There is a final question: What companies could really be interested in investing in Lebanon? It’s difficult to have an answer. U.S. Exxon Mobil, Chevron, and Anadarko, Brazil’s Petrobras, Italy’s E.N.I., Denmark’s Maersk Spain’s Repsol, U.K. Shell, Norway’s Statoil, France’s Total, Japan’s Inpex, Malaysia’s Petronas, and O.N.G.C Videsh Limited all pre-qualified as operators—12 in 2013 and 1 in 2017. Indeed, these companies are among the best I.O.C.s at world level. But it’s quite probable that the interest they had in 2013 is not present any longer in light of all the considerations developed above.

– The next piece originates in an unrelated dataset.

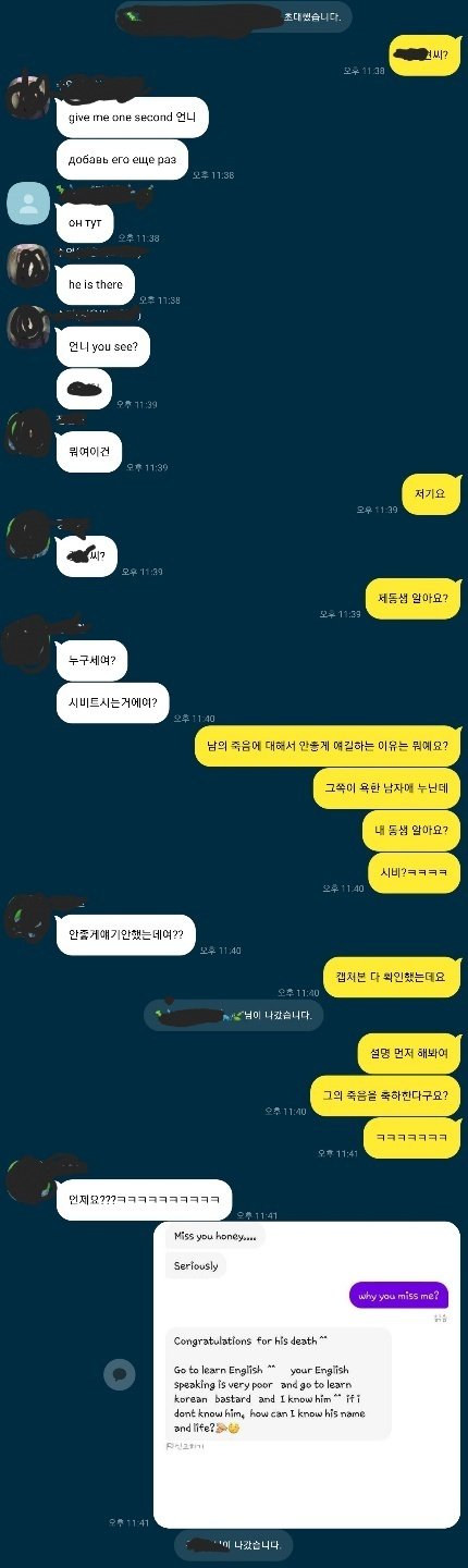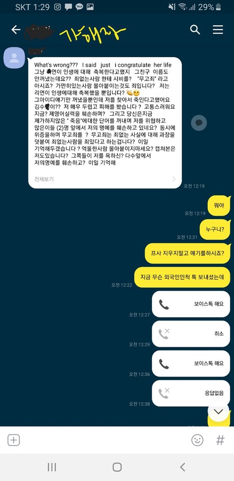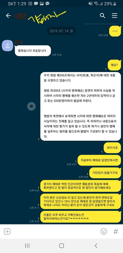 제 동생의 죽음을 축하한다고 말한 그 친구와 단톡방을 파달라고 하여 왜 그랬냐고 하니 발뺌을 하면서 저에게 시비트는거냐고 말하길래캡쳐되있던 증거를 보냈더니 바로 방을 나가버렸습니다.그리고 몇 시간 후 가해자에게 개인톡이 왔고 자신이 한국인임에도 불구하고 갑자기 외국인이 번역기 사용한 것 처럼 외국인척 발뺌하는 말을 장문으로 보내왔습니다 내용이 자기는 억울하고 모르는 사람들앞에서 자기를 추궁했으니 무고죄, 명예훼손으로 고소하겠다는 내용이었습니다. 그리곤 카카오톡 닉네임을 바꾸고 제가 보낸 카톡은 읽지도 않고

Recently, a few days ago, Foreign Minister Gibran Bassil while meeting with his Chinese counterpart, Wang Yi, encouraged China to invest in Lebanon’s oil and gas sector. Normally, this type of exhortation would be perfectly in line with the meeting. But when you are the foreign minister of a country that is currently carrying out its first licensing round to which no Chinese company will participate, such a behavior raises the doubt that the pre-qualified companies haven’t until now shown excessive interest in the licensing round and that Lebanon has to develop a plan B. Of course, this could easily be just a simple conjecture because companies will submit their tenders only on Sept. 15, 2017.     

In particular, in view of the considerations developed in this analysis, it could be difficult for an I.O.C. to develop a good business case and decide to invest in one of the three blocks comprising the disputed wedge of water. Moreover, Lebanon does not have the naval capabilities to protect militarily its future O&G installations, while Israel has powerful naval means.

But there is something more. The sectarian divisions of Lebanese society, which are mirrored in the country’s political institutions, until now have consistently and only slowed the development of an O&G sector in Lebanon. What if instead the energy sector with its consistent revenue stream became a new lever capable of kindling another time Lebanon’s society internal conflicts?